YOUR ASSIGNMENT: The lines needed are those below that contain the word "floor"; copy each one.

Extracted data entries

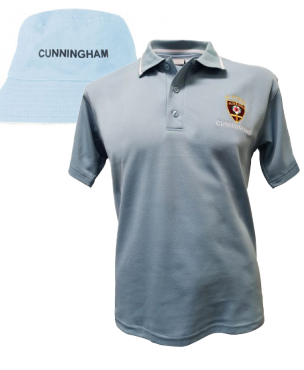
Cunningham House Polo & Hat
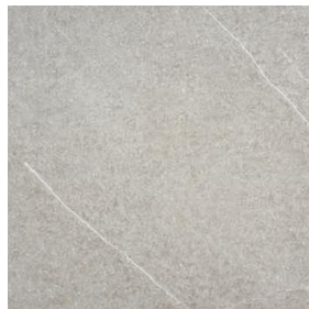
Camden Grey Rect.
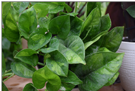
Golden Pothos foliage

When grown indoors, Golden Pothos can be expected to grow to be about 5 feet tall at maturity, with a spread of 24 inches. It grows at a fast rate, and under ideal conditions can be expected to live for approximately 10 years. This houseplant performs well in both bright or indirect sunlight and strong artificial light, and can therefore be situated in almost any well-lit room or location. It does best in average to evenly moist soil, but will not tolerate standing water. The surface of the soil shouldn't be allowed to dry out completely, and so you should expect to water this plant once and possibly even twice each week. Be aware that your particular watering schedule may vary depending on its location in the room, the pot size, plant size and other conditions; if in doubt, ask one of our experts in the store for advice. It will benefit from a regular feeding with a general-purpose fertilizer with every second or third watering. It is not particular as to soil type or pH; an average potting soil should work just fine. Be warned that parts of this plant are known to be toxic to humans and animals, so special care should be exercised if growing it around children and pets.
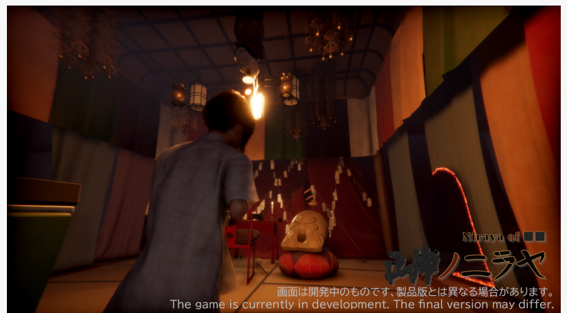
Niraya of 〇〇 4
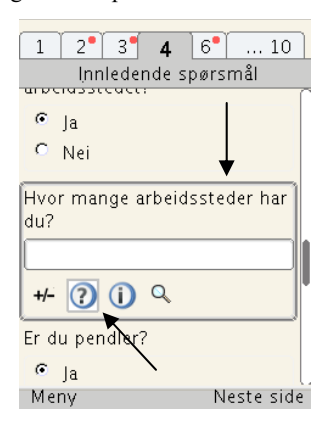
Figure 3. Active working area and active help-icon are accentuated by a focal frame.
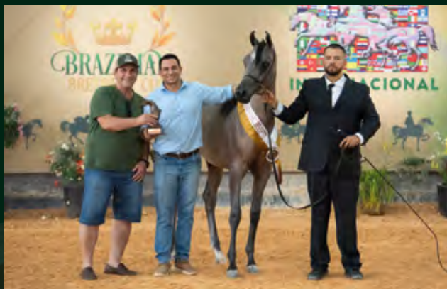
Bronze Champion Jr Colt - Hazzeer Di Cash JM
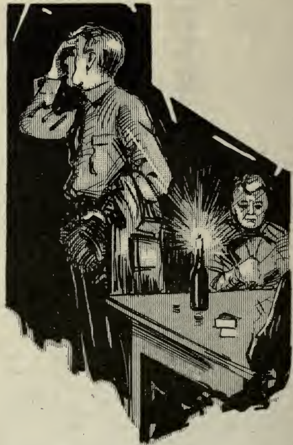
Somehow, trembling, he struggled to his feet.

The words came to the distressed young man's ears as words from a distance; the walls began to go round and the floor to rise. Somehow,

==

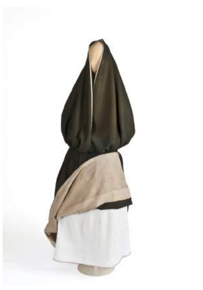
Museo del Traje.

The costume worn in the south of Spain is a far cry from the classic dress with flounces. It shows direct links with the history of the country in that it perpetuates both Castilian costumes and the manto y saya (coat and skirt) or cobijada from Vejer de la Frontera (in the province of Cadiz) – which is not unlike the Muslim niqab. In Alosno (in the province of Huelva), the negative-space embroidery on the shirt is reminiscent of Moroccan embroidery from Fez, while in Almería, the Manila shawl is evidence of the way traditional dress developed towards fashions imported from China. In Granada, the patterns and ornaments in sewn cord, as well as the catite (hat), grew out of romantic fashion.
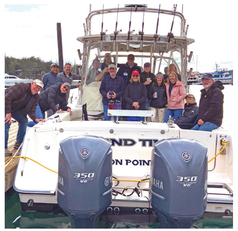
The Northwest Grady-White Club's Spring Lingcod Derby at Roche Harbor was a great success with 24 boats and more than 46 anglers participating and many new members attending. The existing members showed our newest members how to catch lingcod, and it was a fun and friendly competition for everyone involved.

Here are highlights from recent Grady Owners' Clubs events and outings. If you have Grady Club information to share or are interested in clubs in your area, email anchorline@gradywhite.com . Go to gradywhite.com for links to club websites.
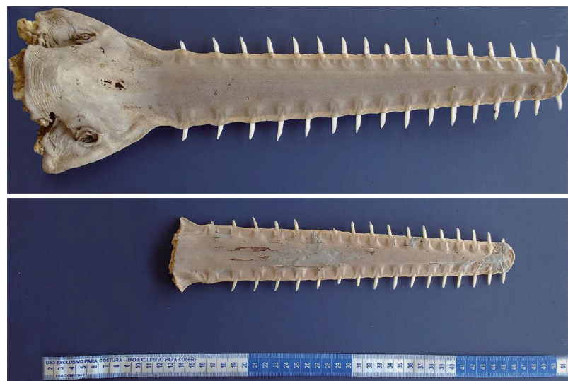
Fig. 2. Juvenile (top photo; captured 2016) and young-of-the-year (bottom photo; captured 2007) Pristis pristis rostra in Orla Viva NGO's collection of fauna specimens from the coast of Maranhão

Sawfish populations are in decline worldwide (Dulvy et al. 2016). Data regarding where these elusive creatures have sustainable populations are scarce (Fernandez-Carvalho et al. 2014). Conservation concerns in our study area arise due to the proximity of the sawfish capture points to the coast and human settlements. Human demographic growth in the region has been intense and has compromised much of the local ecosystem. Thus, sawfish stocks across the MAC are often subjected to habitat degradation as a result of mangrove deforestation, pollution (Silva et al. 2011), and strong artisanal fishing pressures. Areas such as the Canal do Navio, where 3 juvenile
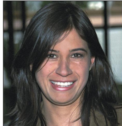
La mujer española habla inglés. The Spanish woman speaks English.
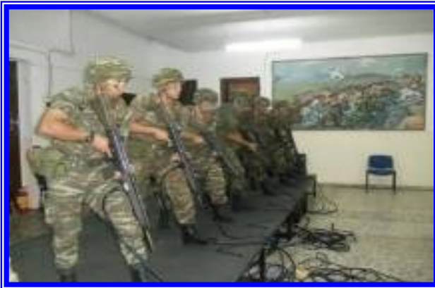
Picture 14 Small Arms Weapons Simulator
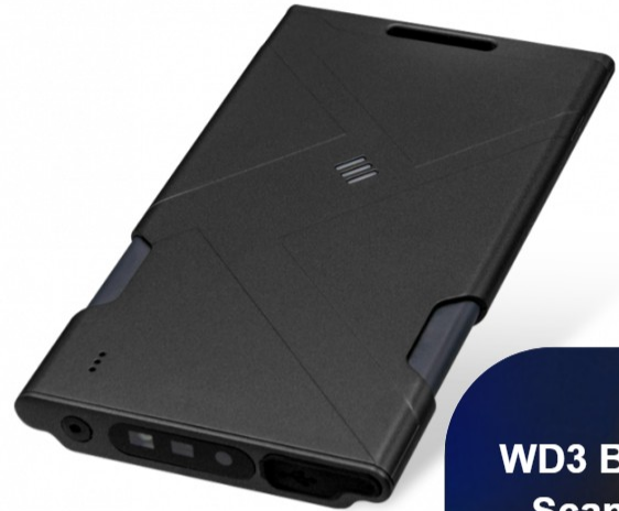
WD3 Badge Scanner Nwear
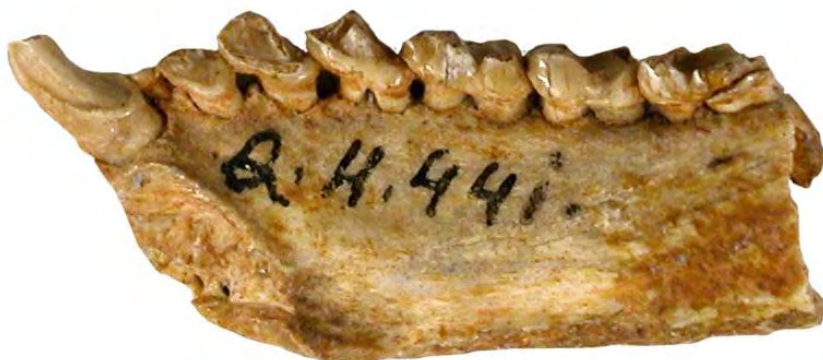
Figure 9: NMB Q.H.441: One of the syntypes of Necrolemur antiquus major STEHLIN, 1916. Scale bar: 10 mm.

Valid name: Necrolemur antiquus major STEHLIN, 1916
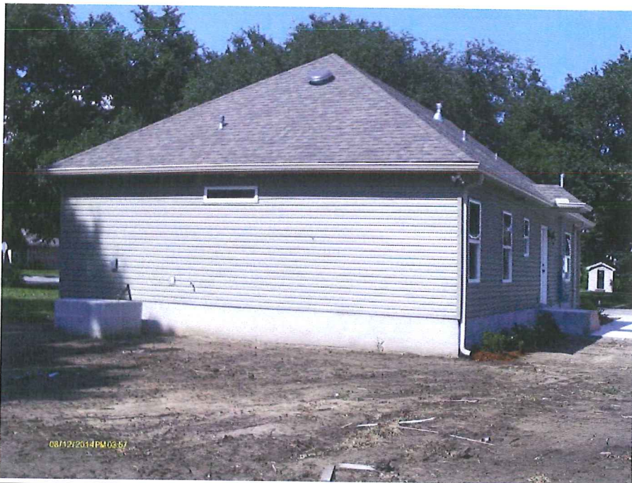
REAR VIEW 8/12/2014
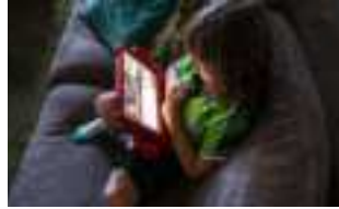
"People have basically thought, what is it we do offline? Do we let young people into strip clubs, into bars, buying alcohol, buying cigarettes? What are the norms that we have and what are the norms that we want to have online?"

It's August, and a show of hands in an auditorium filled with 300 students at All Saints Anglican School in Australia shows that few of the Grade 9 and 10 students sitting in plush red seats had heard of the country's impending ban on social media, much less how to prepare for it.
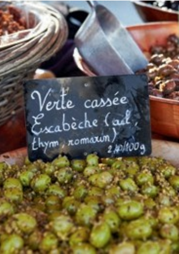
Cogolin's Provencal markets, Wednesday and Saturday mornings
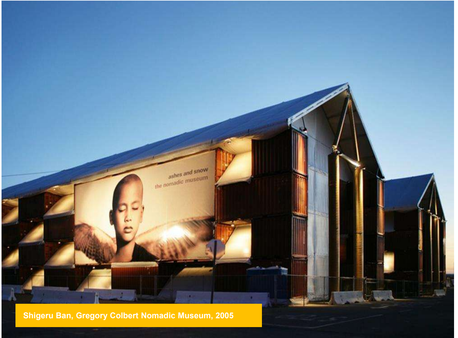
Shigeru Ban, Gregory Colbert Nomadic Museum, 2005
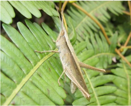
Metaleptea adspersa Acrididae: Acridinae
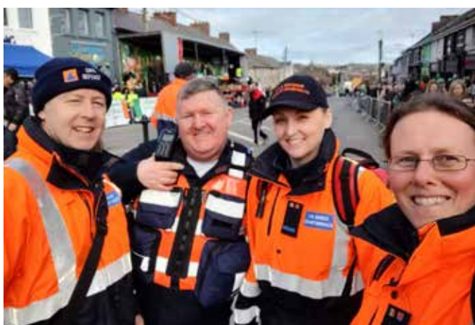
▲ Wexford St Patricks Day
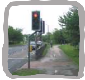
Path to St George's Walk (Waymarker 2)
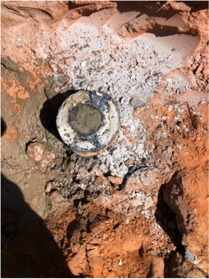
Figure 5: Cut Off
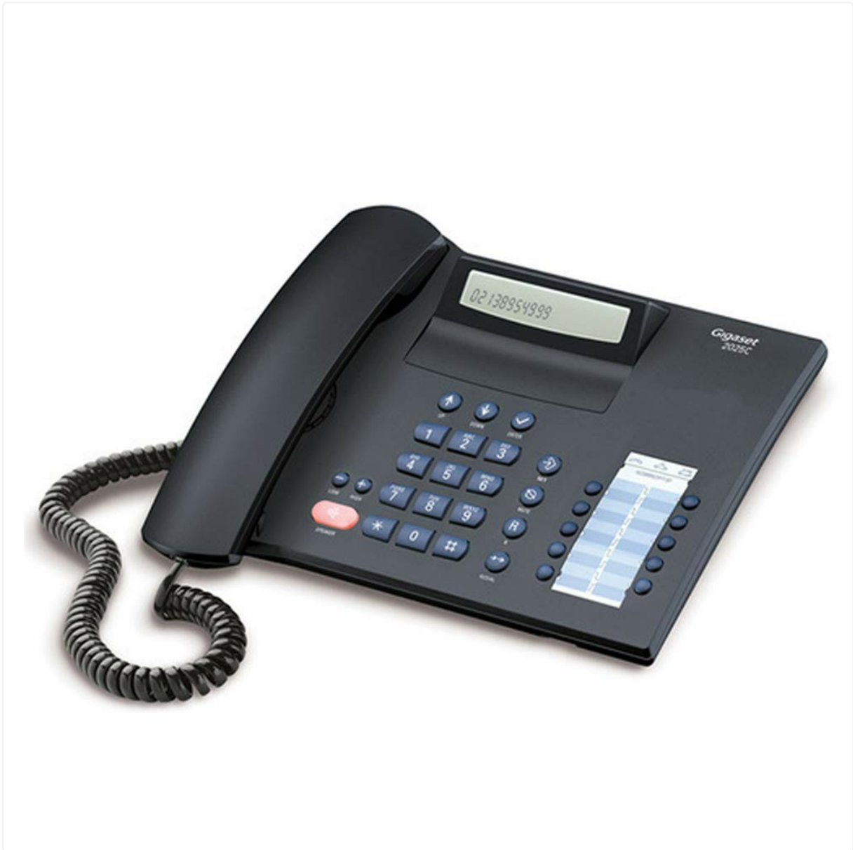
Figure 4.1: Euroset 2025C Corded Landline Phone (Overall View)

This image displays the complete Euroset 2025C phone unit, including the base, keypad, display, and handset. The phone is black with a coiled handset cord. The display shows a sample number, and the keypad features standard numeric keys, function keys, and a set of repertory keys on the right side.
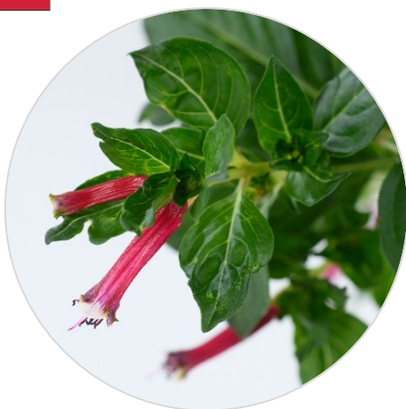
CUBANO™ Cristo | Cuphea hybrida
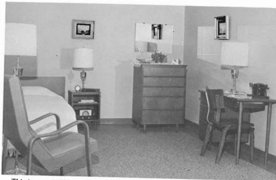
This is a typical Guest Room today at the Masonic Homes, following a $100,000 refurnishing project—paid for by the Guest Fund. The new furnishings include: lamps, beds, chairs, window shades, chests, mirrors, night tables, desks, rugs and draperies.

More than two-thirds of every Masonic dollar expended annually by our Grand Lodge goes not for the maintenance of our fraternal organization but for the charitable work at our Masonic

---

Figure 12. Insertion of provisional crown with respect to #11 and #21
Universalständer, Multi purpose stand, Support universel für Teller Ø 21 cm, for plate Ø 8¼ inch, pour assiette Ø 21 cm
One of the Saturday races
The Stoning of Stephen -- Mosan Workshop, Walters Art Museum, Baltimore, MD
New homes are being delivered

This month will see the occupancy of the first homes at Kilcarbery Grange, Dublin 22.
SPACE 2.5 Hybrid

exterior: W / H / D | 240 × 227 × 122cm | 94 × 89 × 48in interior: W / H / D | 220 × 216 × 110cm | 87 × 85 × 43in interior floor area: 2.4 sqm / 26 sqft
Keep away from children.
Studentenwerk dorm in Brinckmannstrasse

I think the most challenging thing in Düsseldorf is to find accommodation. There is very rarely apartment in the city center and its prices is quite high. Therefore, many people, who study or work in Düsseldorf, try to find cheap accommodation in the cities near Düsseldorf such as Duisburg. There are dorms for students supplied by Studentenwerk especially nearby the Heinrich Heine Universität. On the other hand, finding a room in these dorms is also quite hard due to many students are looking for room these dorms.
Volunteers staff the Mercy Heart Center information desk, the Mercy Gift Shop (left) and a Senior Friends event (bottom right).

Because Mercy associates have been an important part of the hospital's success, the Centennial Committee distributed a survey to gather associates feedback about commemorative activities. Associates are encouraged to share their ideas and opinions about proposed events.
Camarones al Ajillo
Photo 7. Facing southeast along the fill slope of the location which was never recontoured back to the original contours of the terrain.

ANSWER BOX:
The words came to the distressed young man's ears as words from a distance; the walls began to go round and the floor to rise. Somehow,
exterior: W / H / D | 240 × 227 × 122cm | 94 × 89 × 48in interior: W / H / D | 220 × 216 × 110cm | 87 × 85 × 43in interior floor area: 2.4 sqm / 26 sqft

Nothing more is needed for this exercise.